Example: speech-dispatcherd piper-tts engine
Here’s an example of what to add/alter to your speechd.conf file
DefaultVoiceType "MALE1" #or female, whatever you set
DefaultVoice "YOURVOICEFILEHERE" #don't include extension
DefaultLanguage en
AddModule "piper-tts-generic" "sd_generic" "piper-tts-generic.conf"
DefaultModule piper-tts-generic
Add your onnx and json files to the piper-voices directory. Mine was /usr/share/piper-voices/en/en_US/voice/type/ where type is high, medium ,or low. You also need to add a conf file in the speech-dispacher/modules directory.

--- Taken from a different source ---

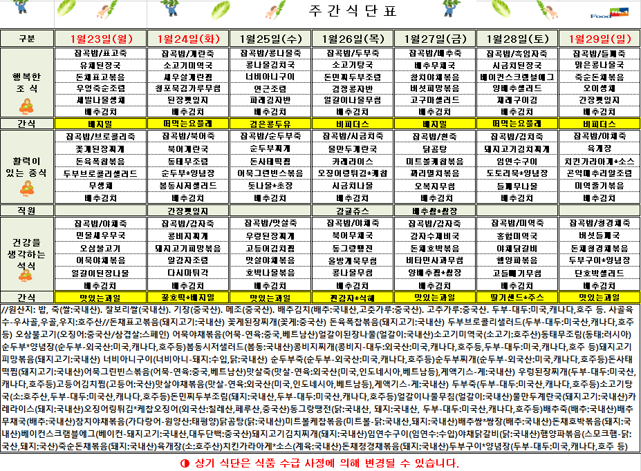1¿ù 4ÁÖÂ÷ ½Ä´ÜÇ¥(2023.1.23~2023.01.29)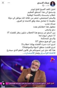 الرئيسية/عضو التيار الوطني الشيعي صفاء الأسدي يرد على رئيس كتلة العصائب النيابية بشأن العفو (فيديو)/صفاء الاسدي صفاء الاسدي

Example: ~/.config/speech-dispatcher/modules/piper-tts-generic.conf
GenericExecuteSynth "echo '$DATA' | piper-tts --model /usr/share/piper-voices/en/en_US/VOICENAME/TYPE/voicefile.onnx -f - | mpv --volume=80 --no-terminal --keep-open=no -"
AddVoice "en_US" "MALE1" "voicefile" #don't include extension
DefaultVoice "voicefile" #don't include extension
Restart the speech-dispatcherd service and you can test with:
spd-say "testing testing 1 2 3"
It should reflect your new voice. If not, a system reboot could be required. For some reason mine didn’t work until I restarted the service three times so I think it’s a little janky.
Enjoy
The benefit of using speech-dispatcherd is that application speech and accessibility plugins will use this voice without extra work. You can also add multiple voices and select between them by application.